Lorsqu'elle est devenue une jeune adulte, Taylor a parcouru le même chemin que des millions d'autres Noirs américains, quittant le Sud pour un lieu réputé plus équitable. Taylor a atterri dans la région de la baie pendant le boom de la construction navale de la Seconde Guerre mondiale. Mais alors que la Californie était souvent décrite comme un endroit plein d'opportunités et relativement exempt de préjugés, la réalité n'était souvent pas à la hauteur de cette vision rêveuse. Taylor s'est retrouvée dans un immeuble infesté de rats à West Oakland. Elle a été arrêtée à plusieurs reprises au milieu des années 1940 pour des délits liés à la prostitution.

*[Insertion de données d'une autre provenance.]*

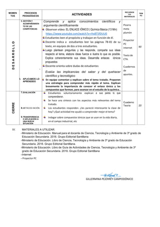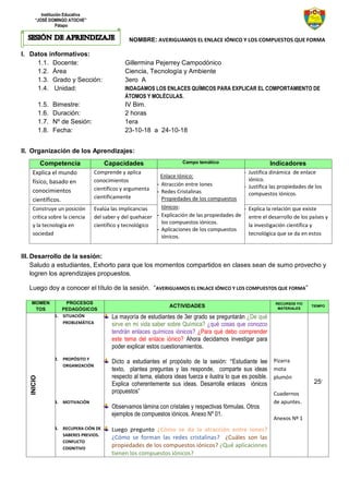 Este documento presenta el plan de una sesión de aprendizaje sobre enlaces iónicos y compuestos iónicos para estudiantes de 3er grado. La sesión incluye actividades como observar ejemplos de compuestos iónicos, ver un video explicativo, leer el texto y trabajar en equipos para responder preguntas y explicar conceptos clave. El objetivo es que los estudiantes comprendan la atracción entre iones, la formación de redes cristalinas y las propiedades y aplicaciones de los compuestos iónicos.

En Californie, comme dans l'Arkansas, Taylor cachait son identité raciale. En mars 1948 – six mois avant que la Cour suprême de Californie ne déclare inconstitutionnelle l'interdiction du métissage imposée par l'État – elle épousa un homme d'ascendance allemande. Leur licence de mariage identifiait Taylor comme hawaïenne, une fiction qui lui permettait de tenir compte de la couleur de sa peau tout en se conformant aux paramètres du gouvernement en matière de blancheur.

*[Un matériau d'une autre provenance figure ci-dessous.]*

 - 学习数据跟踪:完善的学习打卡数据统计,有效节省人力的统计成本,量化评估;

Ce mariage ne durerait pas, pas plus que son séjour en Californie. Elle a finalement déménagé à Chicago, réussissant à se fondre pendant un certain temps tout en vivant dans le quartier à prédominance blanche de Lincoln Park. Mais en 1964, Taylor a choisi de poursuivre un pari bizarre et risqué, affirmant qu'elle était la fille d'un pivot du jeu noir et l'héritière légitime de sa fortune substantielle. Taylor n'a pas assumé cette nouvelle identité si habilement. Les documents qu'elle a présentés pour affirmer son héritage étaient manifestement des faux. Plus douloureusem*nt, ses parents blancs sont venus de l'Alabama, de l'Arkansas, du Tennessee et du Texas pour dire à un juge du tribunal des successions que Taylor était un menteur.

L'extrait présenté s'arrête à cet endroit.